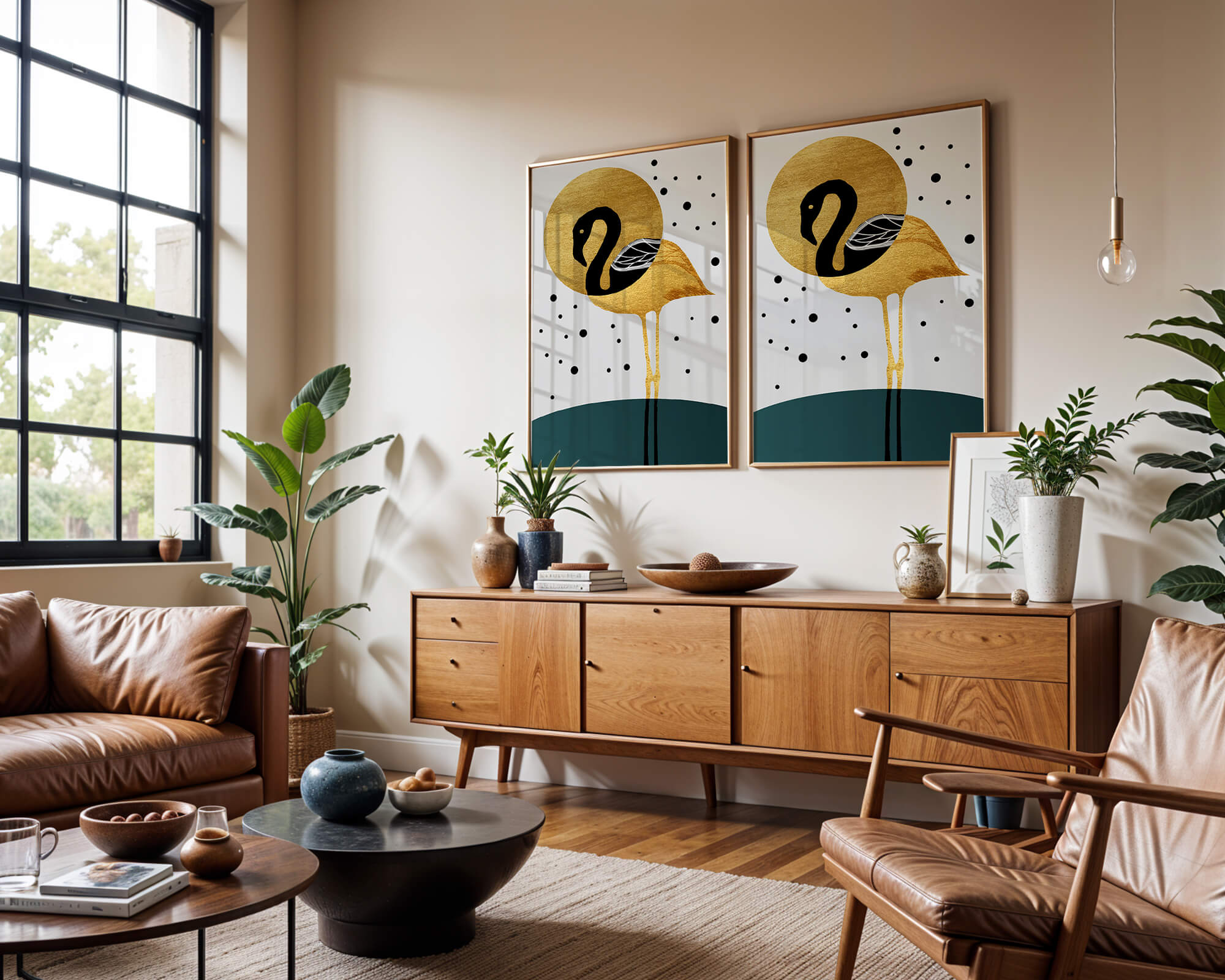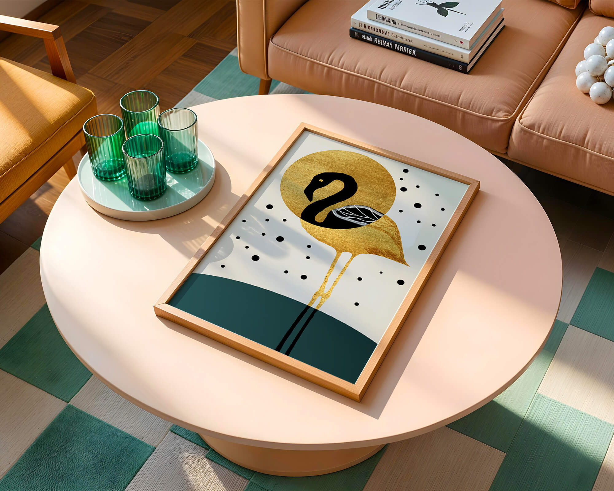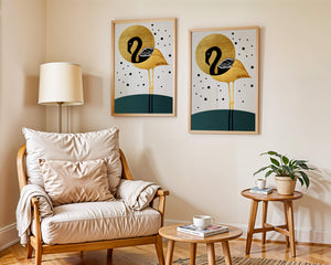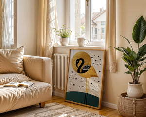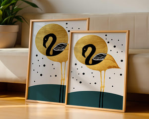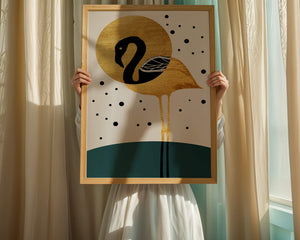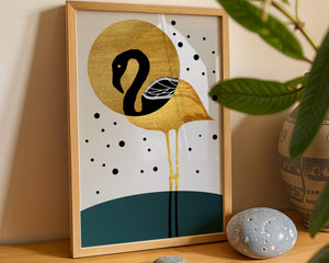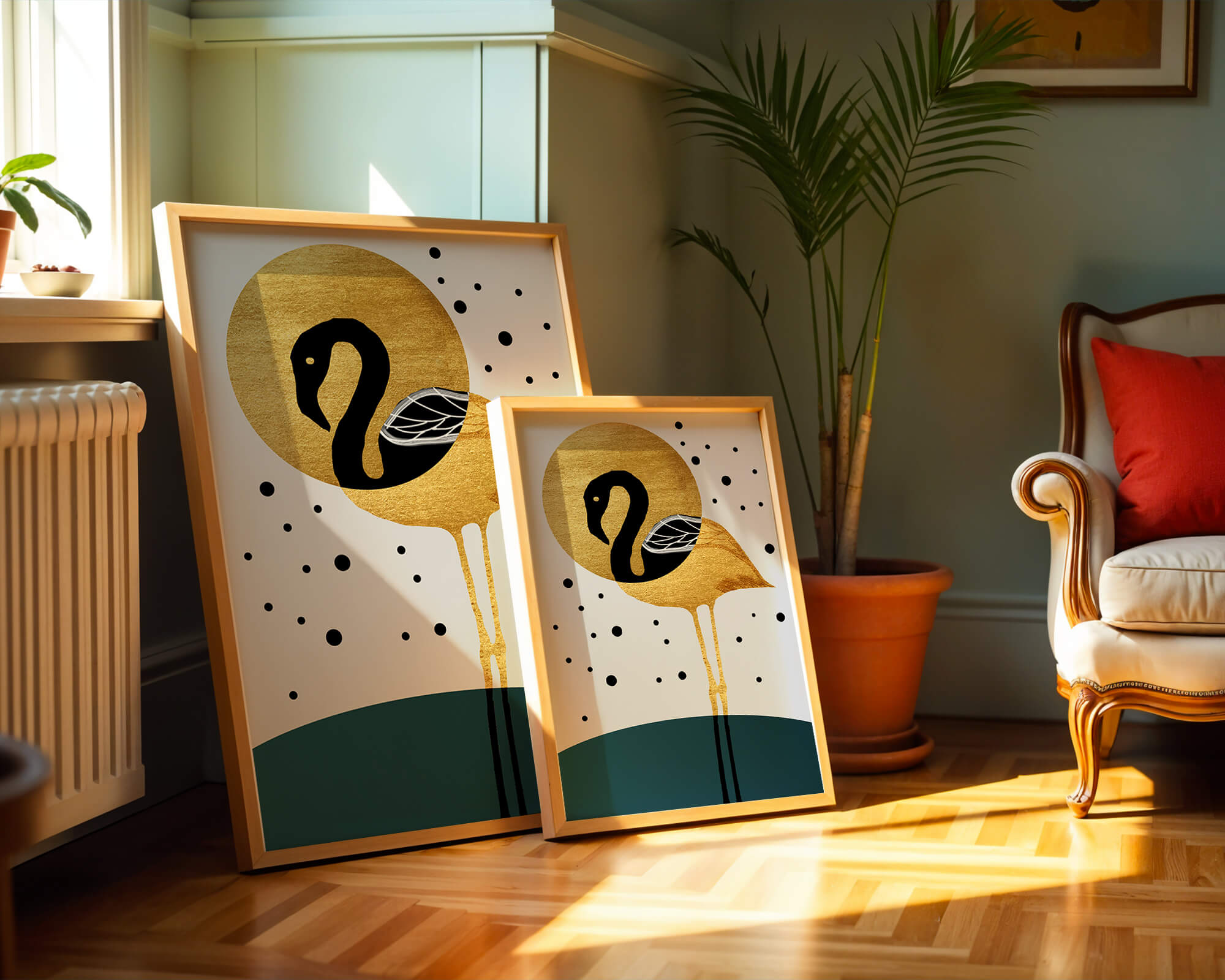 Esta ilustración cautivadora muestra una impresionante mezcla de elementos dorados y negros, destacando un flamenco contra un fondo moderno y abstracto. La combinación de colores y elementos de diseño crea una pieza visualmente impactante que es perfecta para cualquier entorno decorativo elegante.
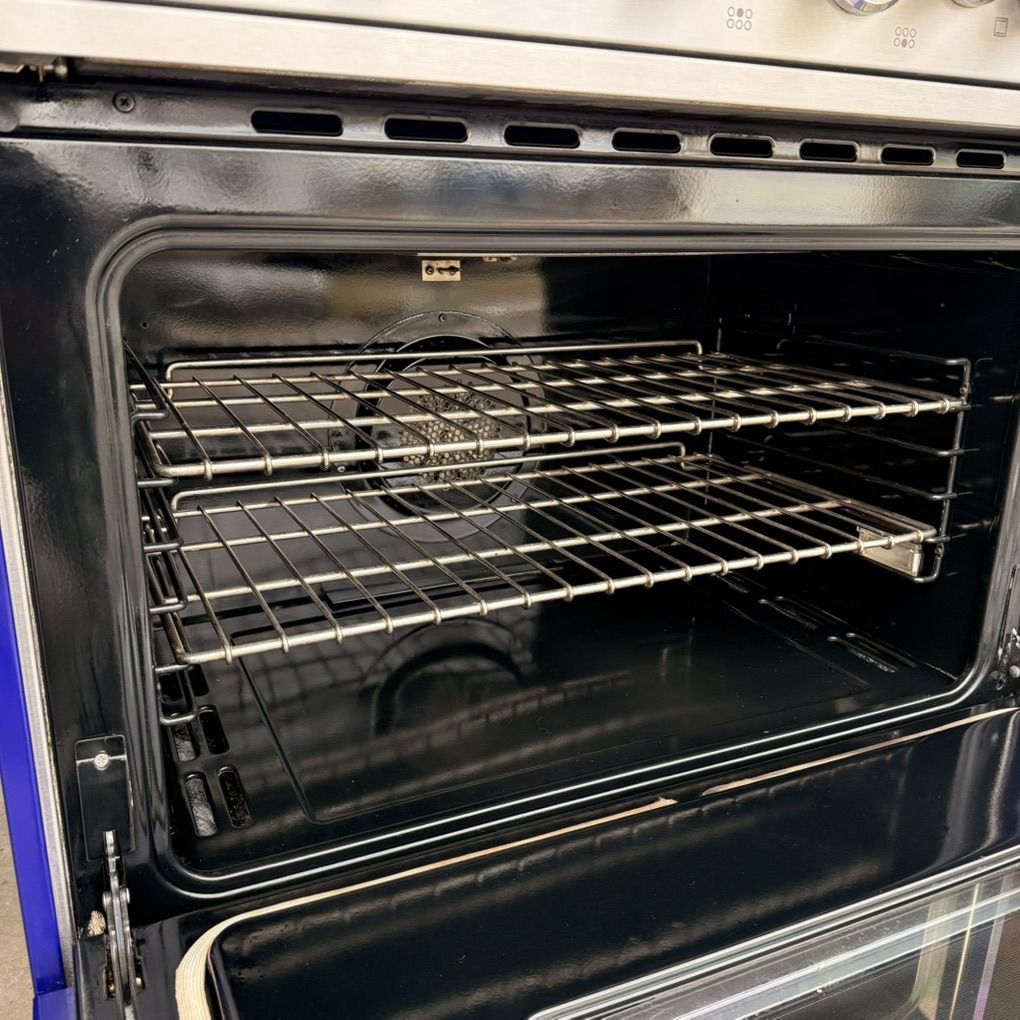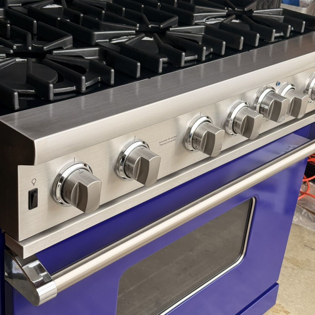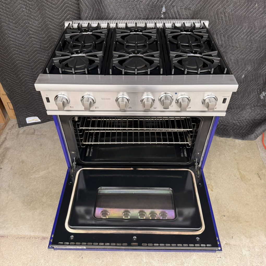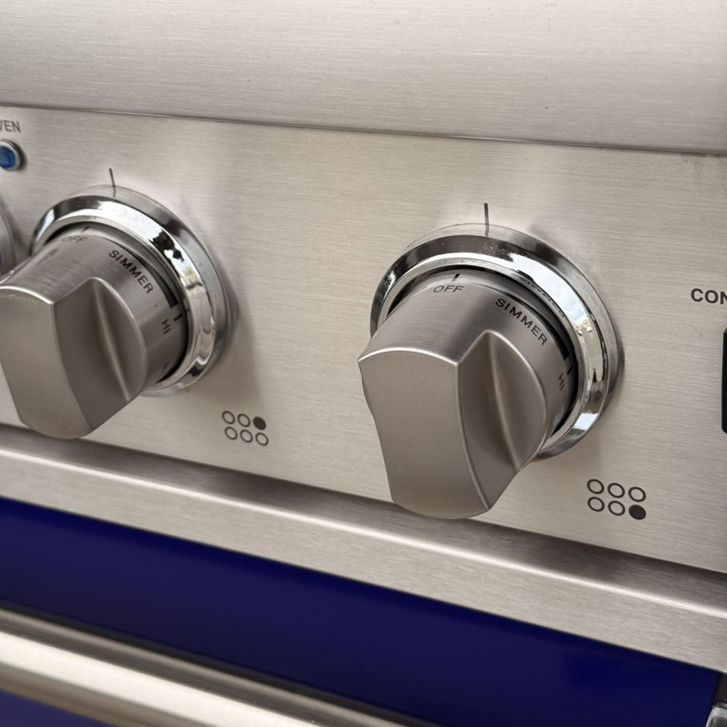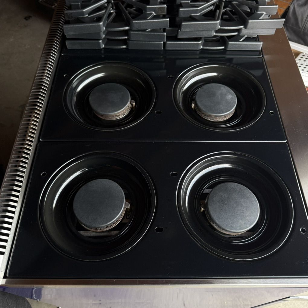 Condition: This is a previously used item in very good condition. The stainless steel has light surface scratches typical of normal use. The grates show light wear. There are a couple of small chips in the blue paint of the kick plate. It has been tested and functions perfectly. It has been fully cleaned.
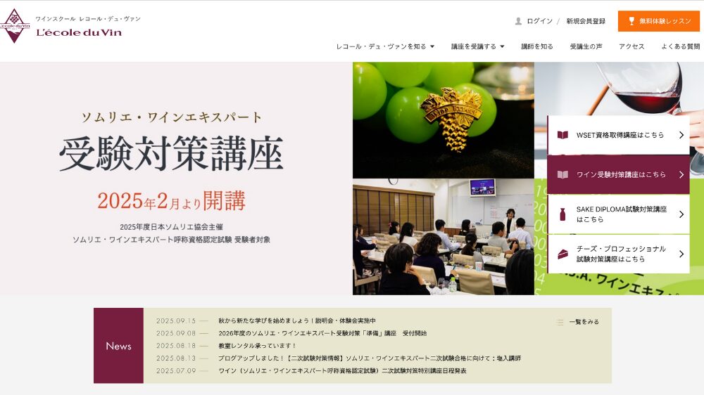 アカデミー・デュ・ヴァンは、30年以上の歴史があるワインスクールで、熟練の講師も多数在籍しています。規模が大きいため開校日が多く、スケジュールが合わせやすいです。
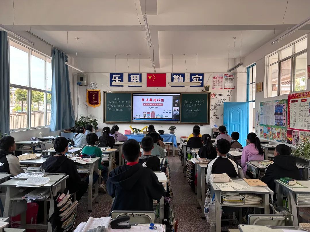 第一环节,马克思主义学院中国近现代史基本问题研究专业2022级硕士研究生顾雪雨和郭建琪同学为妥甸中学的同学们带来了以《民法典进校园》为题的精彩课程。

**TRY IT**:
The material above is to be repeated word for word, with no images kept.

**EXERCISE SOLUTION**:
 Esta ilustración cautivadora muestra una impresionante mezcla de elementos dorados y negros, destacando un flamenco contra un fondo moderno y abstracto. La combinación de colores y elementos de diseño crea una pieza visualmente impactante que es perfecta para cualquier entorno decorativo elegante.
 Condition: This is a previously used item in very good condition. The stainless steel has light surface scratches typical of normal use. The grates show light wear. There are a couple of small chips in the blue paint of the kick plate. It has been tested and functions perfectly. It has been fully cleaned.
 アカデミー・デュ・ヴァンは、30年以上の歴史があるワインスクールで、熟練の講師も多数在籍しています。規模が大きいため開校日が多く、スケジュールが合わせやすいです。
 第一环节,马克思主义学院中国近现代史基本问题研究专业2022级硕士研究生顾雪雨和郭建琪同学为妥甸中学的同学们带来了以《民法典进校园》为题的精彩课程。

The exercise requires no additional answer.